Data extract
====================
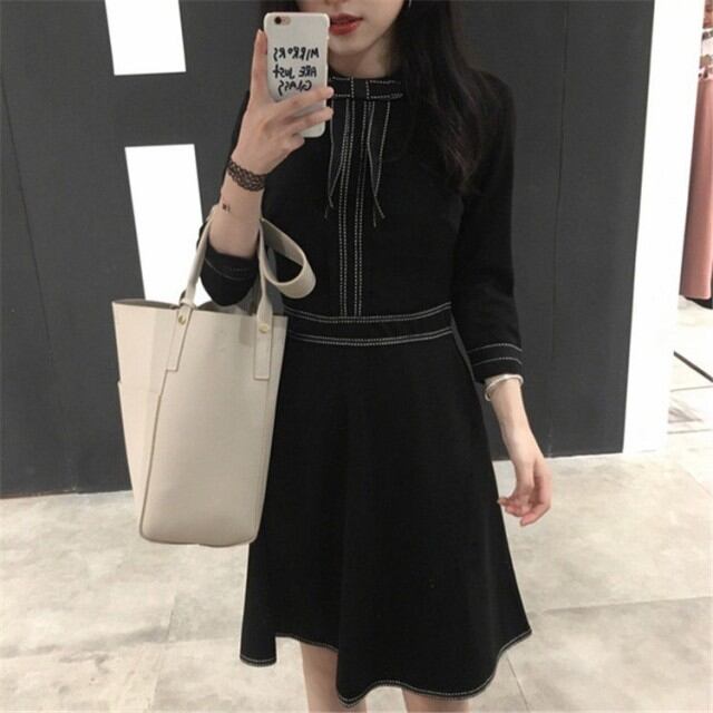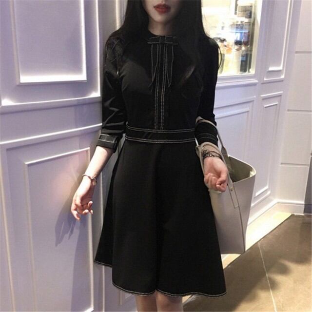 ワンピース レディース チュニック 秋 秋冬 七分袖 大人 ミディワンピース 7分袖 ベルスリーブ ゆったり 袖コン 無地 ブラック 黒
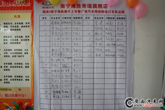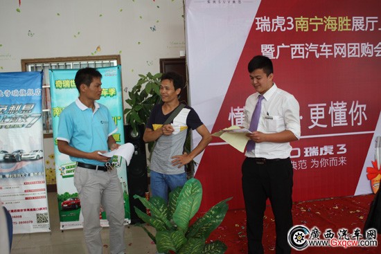 6月21日,廣西汽車網(wǎng)奇瑞汽車冰點(diǎn)團(tuán)購會(huì)在南寧海勝奇瑞汽車4S店隆重舉辦,在短短三周的宣傳期,網(wǎng)上報(bào)名人數(shù)達(dá)到了78人,經(jīng)過汽車網(wǎng)客服確認(rèn)下,活動(dòng)當(dāng)天到店人數(shù)只有28批,確實(shí),這跟網(wǎng)上報(bào)名人數(shù)有點(diǎn)落差,當(dāng)天到場訂車有22人。
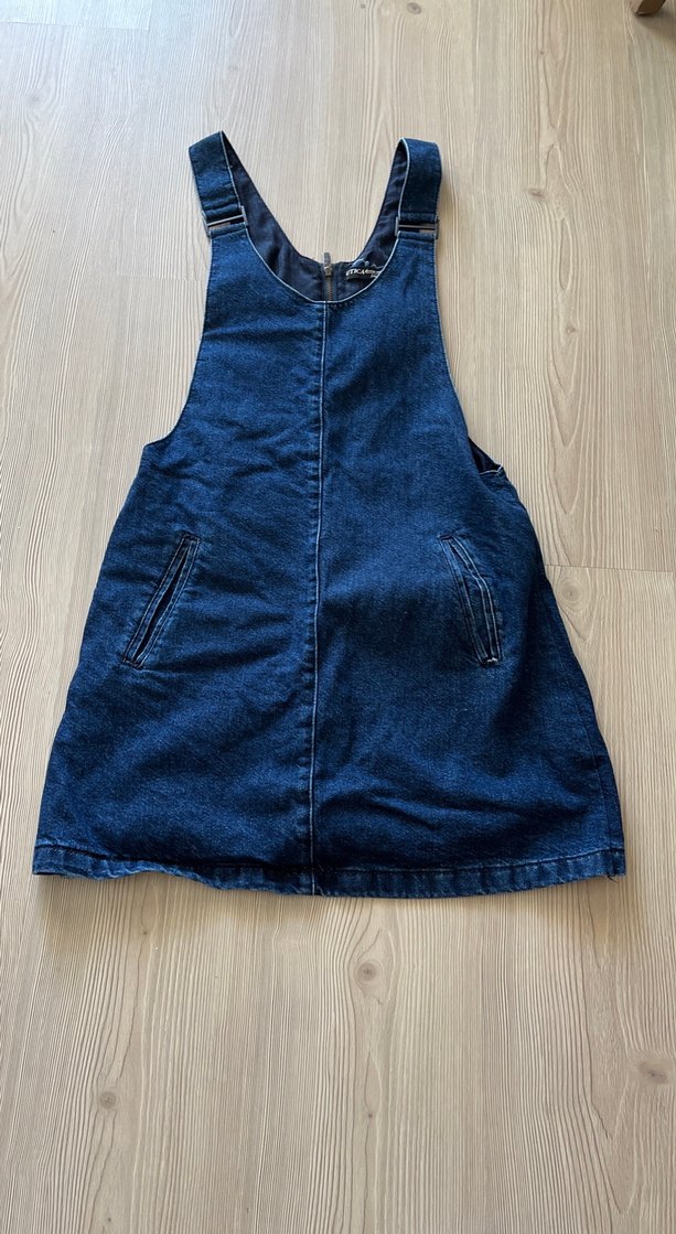 Lacivert kot kumaştan, yüksek yakalı ve kemerli, bol kesim kısa salopet. Yan cepleriyle günlük sokak stili için uygun.
====================
Task
The material above is to be transcribed exactly, with its images omitted.

Exercise output
 ワンピース レディース チュニック 秋 秋冬 七分袖 大人 ミディワンピース 7分袖 ベルスリーブ ゆったり 袖コン 無地 ブラック 黒
 6月21日,廣西汽車網(wǎng)奇瑞汽車冰點(diǎn)團(tuán)購會(huì)在南寧海勝奇瑞汽車4S店隆重舉辦,在短短三周的宣傳期,網(wǎng)上報(bào)名人數(shù)達(dá)到了78人,經(jīng)過汽車網(wǎng)客服確認(rèn)下,活動(dòng)當(dāng)天到店人數(shù)只有28批,確實(shí),這跟網(wǎng)上報(bào)名人數(shù)有點(diǎn)落差,當(dāng)天到場訂車有22人。
 Lacivert kot kumaştan, yüksek yakalı ve kemerli, bol kesim kısa salopet. Yan cepleriyle günlük sokak stili için uygun.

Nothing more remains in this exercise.